Lund v. Myers (7/16/13)

We blogged the Court of Appeals’ opinion here; go there for the facts.The Supreme Court vacates that decision, largely undoes the damage it caused, and gives some fairly clear directions on how to deal with the problem.

Rule 26(1)(f)(2) does not require the return of allegedly-privileged documents produced inadvertently. The party receiving the documents may return them, destroy them, or, if the party wants a ruling on them, file them under seal.

If the documents are filed under seal the trial court may not look at them until “the receiving party makes a factual showing to support a reasonable, good-faith belief that the document is not privileged.” (That involves briefing by both sides and since the trial judge in this case did not wait that long the case is remanded.)

How can the receiving party know enough about the documents to make such a showing? The rule’s prohibition on the “use” of the documents “does not preclude filing the documents with the court under seal and other conduct allowed by the rules” (our emphasis). The rule allows the party to “present to the court” . . . “the questions of privilege and waiver.” The opinion does not specifically say “you can examine the documents enough to figure out if they’re really privileged” but that seems to be the lesson we’re to draw. “Although . . . these actions involve a literal “use” of the documents, Rule 26(1)(f)(2) contemplates that the privilege claim may be ‘resolved’ through such use.”

If a proper showing is made, an in camera review determines if the documents are privileged. As to who should do that, “the trial judge should consider whether another judicial officer [note that it doesn’t say “judge”] should conduct the review in light of the possibility that a review of privileged documents may be so prejudicial as to require the judge’s recusal. If the trial judge conducts the review and upholds the privilege claim, the judge should consider whether recusal is then necessary.”

(link to opinion)

Thomas v. Montelucia Villas L.L. C. (6/14/13)

We blogged the Court of Appeals opinion here; go there for the facts. The Supreme Court disagrees with the Court of Appeals, deciding that Montelucia does after all have to prove its ability to perform before it can retain the earnest money.

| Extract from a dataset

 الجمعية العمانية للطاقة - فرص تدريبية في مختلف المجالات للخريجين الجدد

The rule is salutary but the court sullies it by playing games with words, suggesting that the issue is whether “a defendant who seeks to retain damages” must show ability to perform. To call the benefits received by one party under a contract “damages” when the other decides to repudiate it is spin, not analysis.

On remand Montelucia must prove that it was ready to perform in order to keep the earnest money. For some reason the court seems uneasy about this since it spends several paragraphs explaining that this earnest money wasn’t, contrary to the contract language and Montelucia’s claim, really earnest money, it was progress payments. Maybe that’s right but since when is it for the Supreme Court to resolve disputed facts? This was a contract – the money’s function was what the parties intended it to be. And what does all this mean to the analysis – if it really was “earnest money” would it not be “damages?” Apparently not, because the court tells us that earnest money “typically” remains in escrow and “usually” does not finance construction. But what if it doesn’t and does, respectively?

(link to opinion)

Baker v. University Physicans (3/12/13)

We blogged the Court of Appeal’s opinion here. Go there for the facts. The Supreme Court’s disposition is the same but it analyzes the statute differently.

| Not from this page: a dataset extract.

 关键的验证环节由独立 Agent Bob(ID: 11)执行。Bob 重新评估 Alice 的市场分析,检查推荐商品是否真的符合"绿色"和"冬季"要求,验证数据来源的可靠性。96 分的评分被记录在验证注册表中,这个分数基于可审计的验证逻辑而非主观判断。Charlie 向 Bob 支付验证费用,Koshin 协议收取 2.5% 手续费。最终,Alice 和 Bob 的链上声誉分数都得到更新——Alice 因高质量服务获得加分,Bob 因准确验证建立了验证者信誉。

Principally, it holds that “specialty” includes subspecialty. The trial court was correct that Plaintiff’s expert had to be a pediatrician with a subspecialty in hematology/oncology.

While the court says that a “specialist” is one who is board-certified it doesn’t’ say anything about using web sites to make that determination, much less to decide appeals. It also decides that 12-2604 requires an expert in the same specialty only when the care or treatment was within that specialty. And it concludes that in order for the defendant doctor to qualify as a specialist he or she must have spent the majority of time practicing that specialty. That’s because the statute requires the plaintiff’s expert to have done so; the logic eludes us.

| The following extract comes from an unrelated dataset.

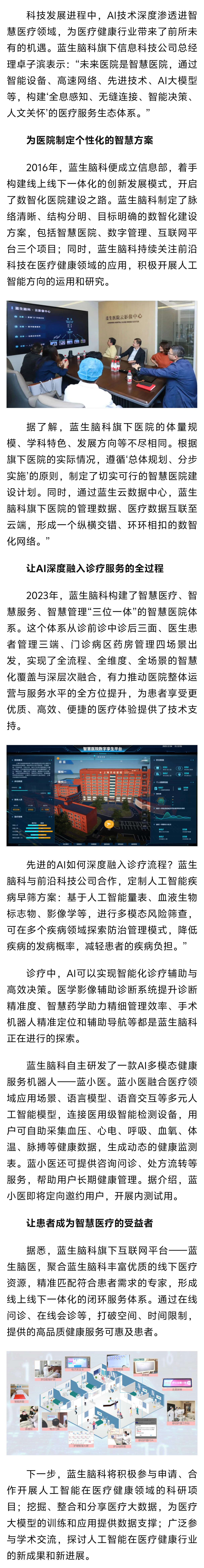 科技發(fā)展進程中,AI技術(shù)深度滲透進智慧醫(yī)療領(lǐng)域,為醫(yī)療健康行業(yè)帶來了前所未有的機遇。藍生腦科旗下信息科技公司總經(jīng)理卓子濱表示:“未來醫(yī)院是智慧醫(yī)院,通過智能設(shè)備、高速網(wǎng)絡(luò)、先進技術(shù)、AI大模型等,構(gòu)建‘全息感知、無縫連接、智能決策、人文關(guān)懷’的醫(yī)療服務(wù)生態(tài)體系。”

The court also holds the statute constitutional against various challenges.

The court vacates CA1’s opinion except insofar as that opinion vacated the judgment and remanded to give Plaintiff another bite of the apple. Why do that if the trial court’s ruling was correct? The Supreme Court mentions that it “declined to review” that issue. Its interesting to know that the disposition of a case is a separate issue. That confirms something we’ve said before in another context – though back then we thought we were being satirical: the disposition of an appeal isn’t the logical procedural consequence of the holding, its whatever the court wants to do.